The Consumer Financial Protection Bureau has warned challenger financial firms that they cannot avoid the rules requiring the fair treatment of customers.
The agency made the statement following its decision to impose financial penalties on San Francisco headquartered fintech Chime Financial for failing to give consumers refunds within the required 14 days on the closure of their accounts.
“Chime’s customers had to wait weeks or months for access to their own money and were forced to use alternative funds to cover their essential expenses,” said CFPB Director Rohit Chopra. “Fast-growing financial firms must treat their customers fairly and understand that federal law is not a suggestion.”
The matter affected thousands of the nonbank’s customers with some left without the funds they needed to basic living expenses, and some forced to borrow from other sources – including payday loans and credit cards - to pay bills.
The payments include at least $1.3 million in redress to harmed customers.

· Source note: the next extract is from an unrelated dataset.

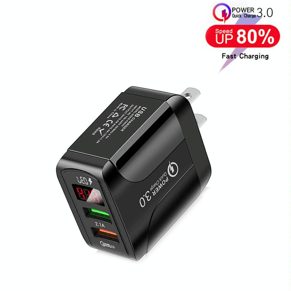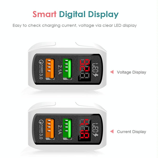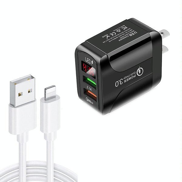 F002C QC3.0 USB + USB 2.0 LED Digital Display Fast Charger with USB to 8 Pin Data Cable, US Plug(Black)

Generally, they will receive at least $150 in redress if, after 14 days from account closure, they still had a minimum unrefunded balance of $10.
Chime must also pay $3.25 million to the CFPB’s victim relief fund, the Civil Penalty Fund, established by Congress in the Dodd-Frank Wall Street Reform and Consumer Protection Act of 2010, and must come into compliance with the law, including providing refund checks on closed accounts within a reasonable period.
Chime Financial has annualized revenues of more than $1.5 billion and its cards are used by around seven million customers in $8 million worth of transactions each month. It is privately owned with investment from venture capital firms and was founded by Chris Britt and Ryan King in 2012.
UPDATED: Chime has clarified the payments due and also told InvestmentNews:
“Our settlement agreement with the CFPB reflects our belief that the timely handling of customer matters is critical, even amid the pandemic’s unique challenges. In this case, the majority of the delayed refunds were caused by a configuration error with a third-party vendor during 2020 and 2021. When Chime discovered the issue, we worked with our vendor to resolve the error and issued refunds to impacted consumers. We share the Bureau's goal to create a more competitive and accessible financial landscape that is good for everyday consumers. We look forward to continuing in this mission and are pleased to have resolved this matter.”